0

I have large tsv files (>1gb each) in a directory and I need to split each file into 80/20 split. per my limited knowledge on power shell I did below but its hell slow. I know I can do this in milliseconds with cygwin /bash but I need to automate this process through batch files. I am sure there is better and faster solution to this.

$DataSourceFolder="D:\Data"

$files = Get-ChildItem "$DataSourceFolder" -Filter *".tsv"

foreach ($file in $files)
    {
        $outputTrainfile="$DataSourceFolder\partitions\"+ $file.BaseName + "-train.tsv"
        $outputTestfile="$DataSourceFolder\partitions\"+ $file.BaseName + "-test.tsv"
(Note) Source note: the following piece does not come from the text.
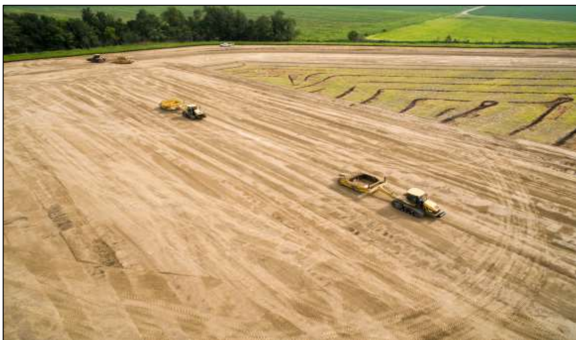
Site Preparation Activities at Poplar Grove Mine

        $filepath = "$DataSourceFolder\"+ $file
        # Get number of rows in the file
        Get-Content $filepath | Measure-Object | ForEach-Object { $sourcelinecount = $_.Count }
        # Get top and tail count to be fetched from source file
        $headlinecount = ($sourcelinecount * 80) /100
        $taillinecount = $sourcelinecount - $headlinecount

        # Create the files
        New-Item -ItemType file $outputTrainfile -force
        New-Item -ItemType file $outputTestfile -force

        #set content to the files 
        Get-Content $filepath -TotalCount $headlinecount | Set-Content $outputTrainfile
        Get-Content $filepath -Tail $taillinecount | Set-Content $outputTestfile
    }
VJSharp
  • 105
  • 11
  • Possible duplicate of [How to process a file in PowerShell line-by-line as a stream](https://stackoverflow.com/questions/4192072/how-to-process-a-file-in-powershell-line-by-line-as-a-stream) – TessellatingHeckler Sep 22 '17 at 03:59
  • Thanks for pointing to the other question, it does provide another method but I don't see that's faster either. Also, the answers suggest don't use powershell for this task , if not then what are other alternatives? I tried using python & sckit learn to split into train -test but as files are huge that also fails with out of memory error. – VJSharp Sep 22 '17 at 04:16
  • Might be of some help for you? https://github.com/dubasdey/File-Splitter – David Brabant Sep 22 '17 at 05:48
  • `Get-Content` is famously slow, and the .Net methods are much faster, it's the subject of a lot of questions and answers and blog posts and things. Although your code's approach of reading the file three times isn't ever going to be very fast. How accurate an 80/20 split do you need and how predictable is the size? Could you open the file, seek to 80% of the byte count, scan to a newline, read the remaining lines to a second file, and truncate the original? – TessellatingHeckler Sep 22 '17 at 05:55
  • Thanks. It doesn't have to be absolutely accurate , few examples here and there doesn't really matter since I am going to use this for training a model. I tried optimizing it by reading only once and get the content into a $variable but I could not get -TotalCount & -Tail work on that variable. Could you provide any sample code for the other suggestion? Appreciate your help! – VJSharp Sep 22 '17 at 17:23

1 Answers1

0

Sorry late to post the answer : Hopefully it will save efforts for others:

I used bash.exe to split the files from power shell. Fast and Furious.

Create a bash file and call it from powershell to split the files in desired partitions

Bash File: Ex: name it as "Partition.sh"

foldername=$1
filenamePrefix=$2
$echo $foldername
$echo $filenamePrefix
for filename in $foldername/$filenamePrefix*.tsv
do
 $echo "Partitioning the $filename"
 cat $filename | shuf > tmp
 lines=$(wc -l tmp | cut -d' ' -f1)
 $echo "Read file successfully"
 head -n$(echo $lines*0.8/1 | bc) tmp > $filename.train.tsv
 tail -n$(echo $lines*0.2/1-1 | bc) tmp > tmp1 > $filename.test.tsv
 rm tmp tmp1 
done

Call from powerhshell:

bash.exe /mnt/c/Partition.sh /mnt/c/trainingData/ "FilePrefix"
VJSharp
  • 105
  • 11